Domenico Fiormonte, Teresa Numerico, and Francesca Tomasi
Domenico Fiormonte, Teresa Numerico, and Francesca Tomasi
Translated by Desmond Schmidt and Christopher Ferguson
ISBN: 978-0-692-58044-8
Paperback, 6.14×9.21 in., B/W, 262pp.
Publication date: December 7, 2015
Price: $22
BISAC: COM060000, SOC052000, SOC071000
Thema:
Categories: Technology Studies, Digital Humanities
This book, translated for the first time from Italian into English, offers a critical introduction to the core technologies underlying the Internet from a humanistic perspective. It provides a cultural critique of computing technologies, by exploring the history of computing and examining issues related to writing, representing, archiving and searching. The book raises awareness of, and calls for, the digital humanities to address the challenges posed by the linguistic and cultural divides in computing, the clash between communication and control, and the biases inherent in networked technologies.
A common problem with publications in the Digital Humanities is the dominance of the Anglo-American perspective. While seeking to take a broader view, the book attempts to show how cultural bias can become an obstacle to innovation both in the methodology and practice of the Digital Humanities. Its central point is that no technological instrument is culturally unbiased, and that all too often the geography that underlies technology coincides with the social and economic interests of its producers. The alternative proposed in the book is one of a world in which variation, contamination and decentralization are essential instruments for the production and transmission of digital knowledge. It is thus necessary not only to have spaces where DH scholars can interact (such as international conferences, THATCamps, forums and mailing lists), but also a genuine sharing of technological know-how and experience.
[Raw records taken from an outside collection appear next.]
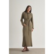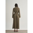Mizalle Modal Karışımlı Kuşaklı Haki Uzun Gömlek Elbise Haki
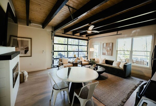 White Pine cabin contains the most distinctive layout as well as many special features that will ensure your stay is amazing! The first floor entryway leads to two queen bedrooms and one full bath. Both bedrooms have access to a private covered deck. Venture down to the lower level to be awed by the glass garage doors which highlights the open kitchen and living space. Open the doors to bring the outside in, or keep them shut for full views of the wooded landscape. Hot tub included!
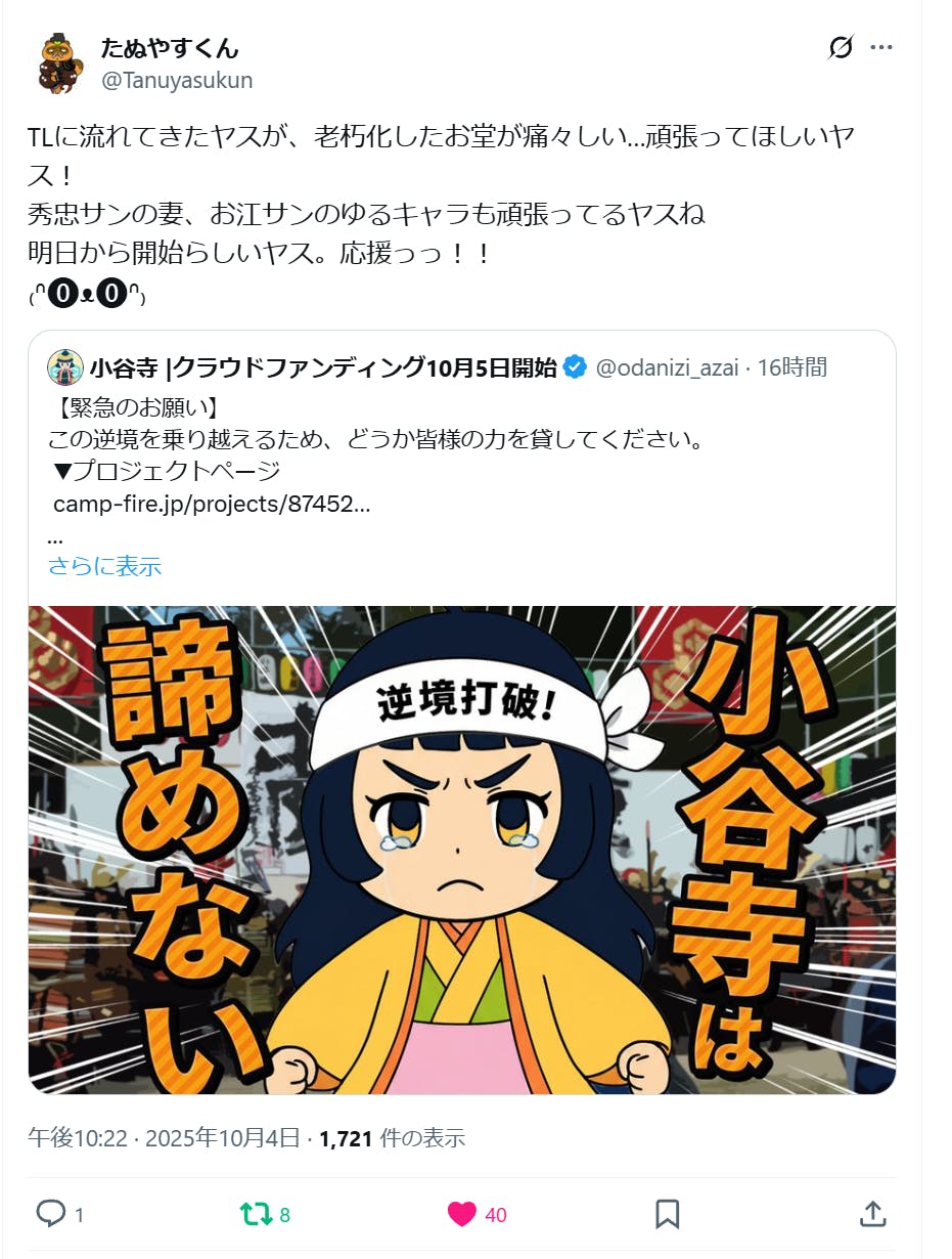 小谷寺は諦めない…皆さんの想いを糧に突き進む
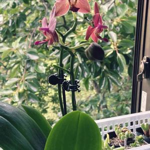まさかの花芽が出てきたため、花期後に一旦はずしておいた棒とクリップを装着。よもやこの棒を使う時が来るとは…。万に1つもないだろうと思ってた。 2つ目の花芽は引っかけてしまい脱落😭 茎から直接出てきた花芽らしきものも有。現在トータル2本。 (明度を調整してます)
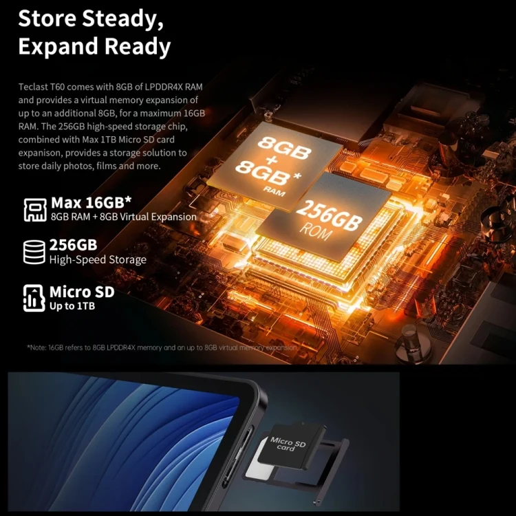 3. Max Speed at Your Fingertips: T60 is powered by the UNISOC Tiger T616 chipset, complemented by up to 16GB RAM (8GB with an additional 8GB RAM Expansion) and 256GB internal storage, expandable to 1TB with a Micro SD card.
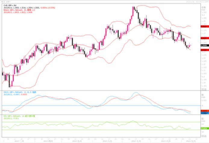 周一(9月11日),英镑兑走软的美元略上涨0.32%,报1.2510,稍稍脱离了上周创下的三个月低点 1.2445。周一英镑的回升,很大程度上是得益于日本央行进行了口头干预美元稍回软的间接提振。英国央行下周开会讨论货币政策。交易员们认为英国央行将利率上调25个基点至5.50%的可能性为70%。但他们已经降低了此后再次加息的机率,这与一周前的情况大相径庭,当时货币市场显示英国利率预计将在3月前达到接近5.7%的峰值。今年英镑之所以强韧,部分原因在于人们认为英国央行在降低通胀方面还有很多工作要做,因此需要比许多其他央行更多地上调利率。但随着进来英国经济发展的数据显现不良之后,众多著名机构分析认为,英国加息似乎已经到了尽头,未来几周英镑可能难以获得太多的上涨动力。日线图上,英镑/美元继续承压短期均线下方,整体趋向偏弱势。当前低点1.2445的支撑较为关键,若跌破,镑美将继续探低。上方只有穿破1.2750,或才能有望扭转近期跌势。
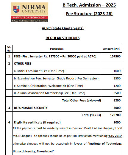 Institute of Technology, Nirma University Ahmedabad B.Tech Computer Science and Engineering Previous Fees
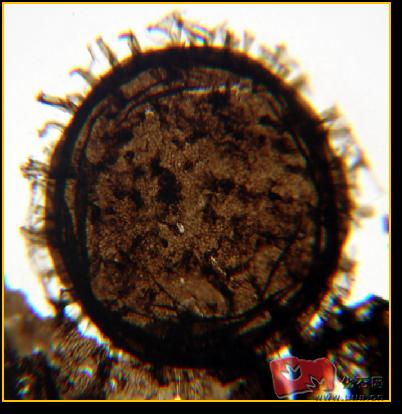 上图(left figure):Trachyhystrichosphaera aimika 埃米卡拟粗面刺球藻
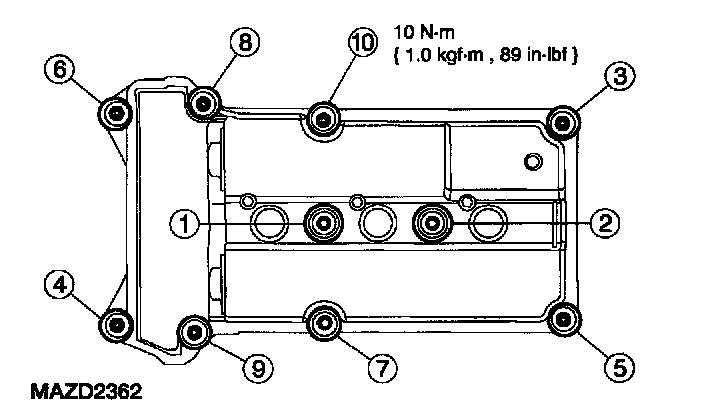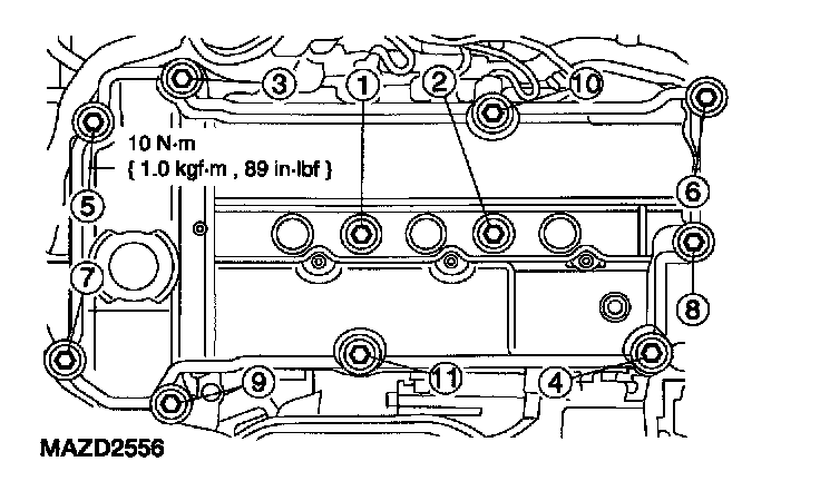 70. Position the LH valve cover and install the bolts and studs in the sequence shown.

This is a truly exceptional work on the subject of the digital…. Students and scholars new to the field of digital humanities will find in this book a gentle introduction to the field, which I cannot but think would be good and perhaps even inspirational for them…. Its history of the development of machines and programs and communities bent on using computers to advance science and research merely sets the stage for an insightful analysis of the role of the digital in the way both scholars and everyday people communicate and conceive of themselves and “others” in written forms — from treatises to credit card transactions.
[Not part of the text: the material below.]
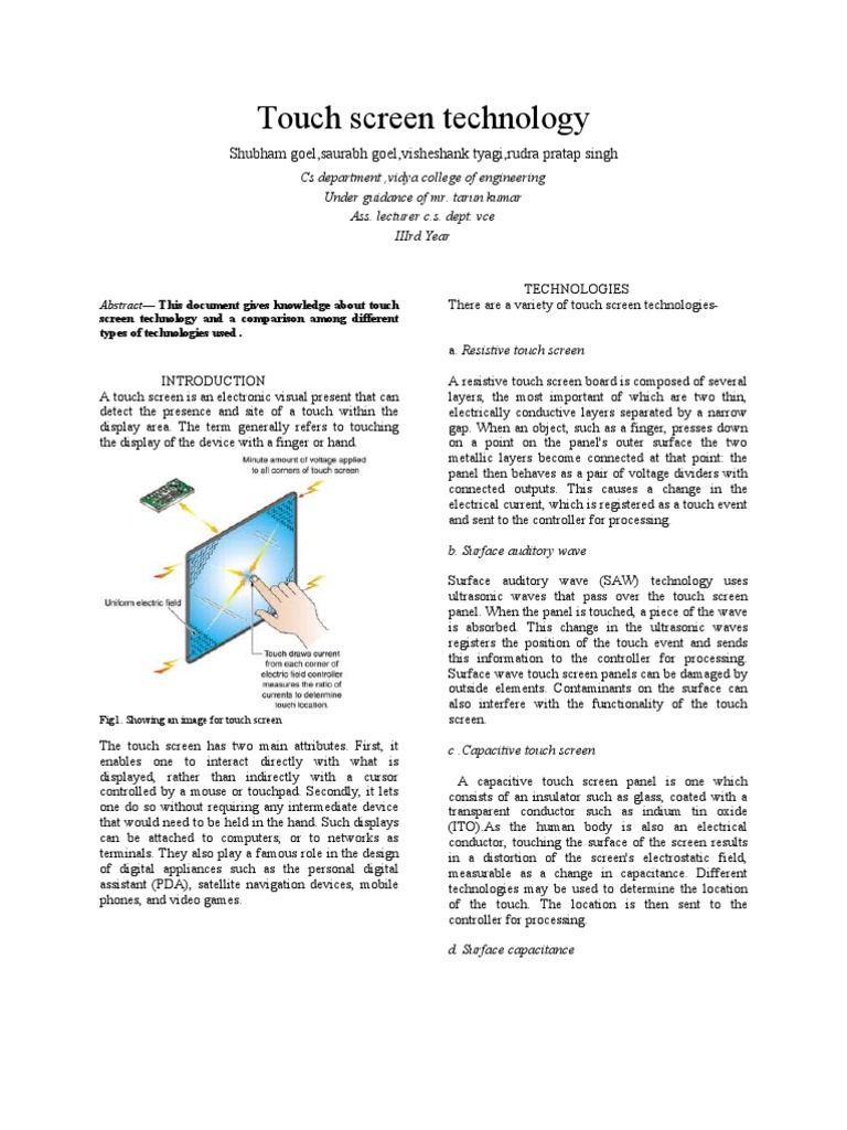Abstract For Touch Screen Technology
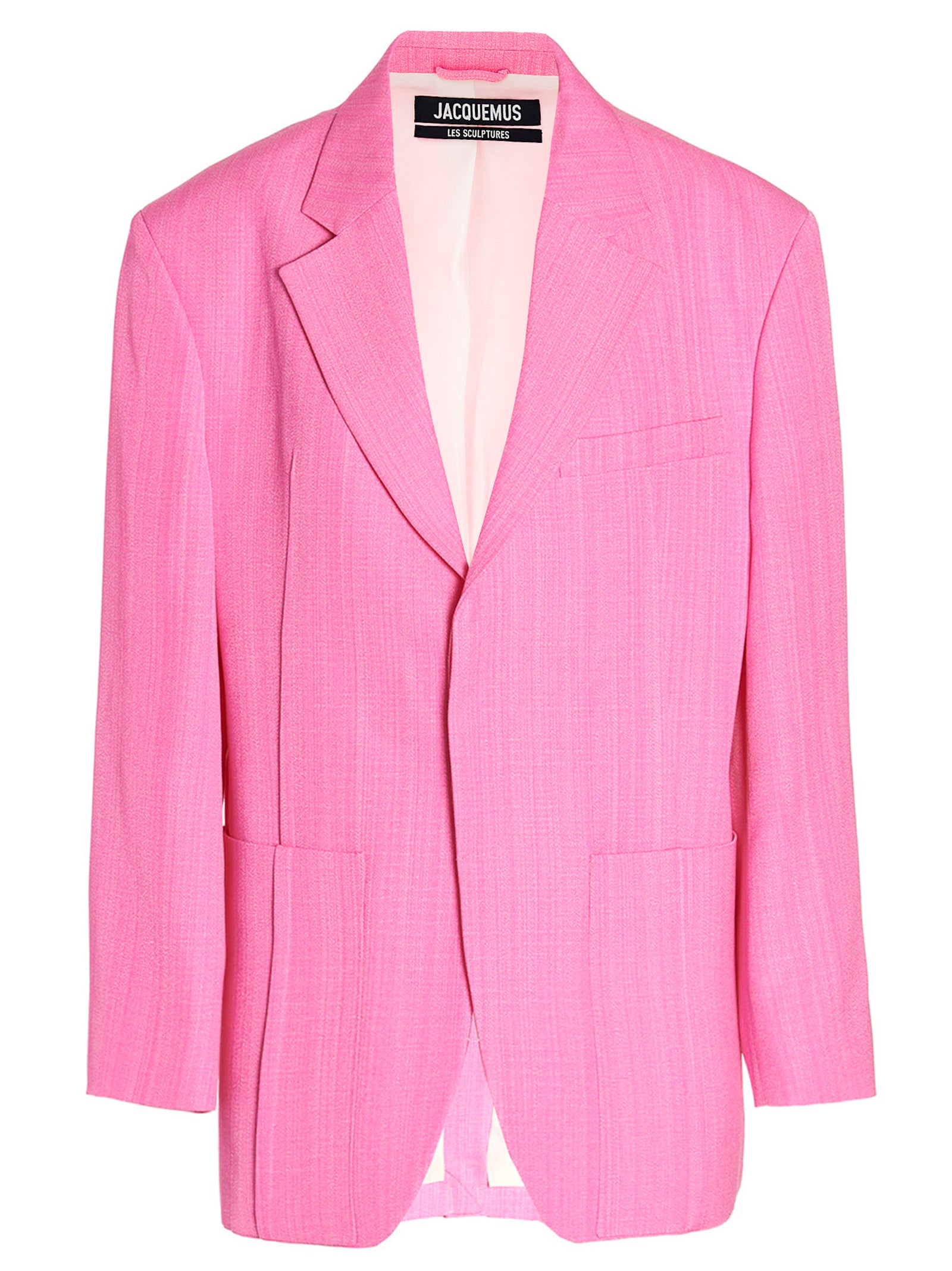 'La veste d'homme' viscose and silk blend blazer jacket, boxy fit inspired by the male wardrobe, classic lapels, chest welt pocket and large patch pockets, concealed single-breasted buttoning, front pleats, inner welt pocket.

~ Peter Shillingsburg, Rare Book School
Domenico Fiormonte is Lecturer in the Sociology of Communication and Culture at the Department of Political Sciences at the University of Roma Tre, where he has taught courses on communication theory, composition, new media and digital philology since 2004. He has edited, authored or co-authored five books on Digital Humanities topics.
Teresa Numerico is Associate Professor of Logic and Philosophy of Science at the University of Roma Tre. She has published articles and books on the philosophy of computer science, social informatics, and the ethics and politics of ICTs. She has been lecturing on humanities computing in Italy and abroad since 2001.
Francesca Tomasi is Assistant Professor of Library and Information Sciences at the Department of Classical Philology and Italian Studies, University of Bologna, where she teaches courses on Digital Humanities and Archives and Computer Science. Among her recent publications is a digital scholarly edition of the Letters of fifteenth-century author Vespasiano da Bisticci (Bologna, 2013).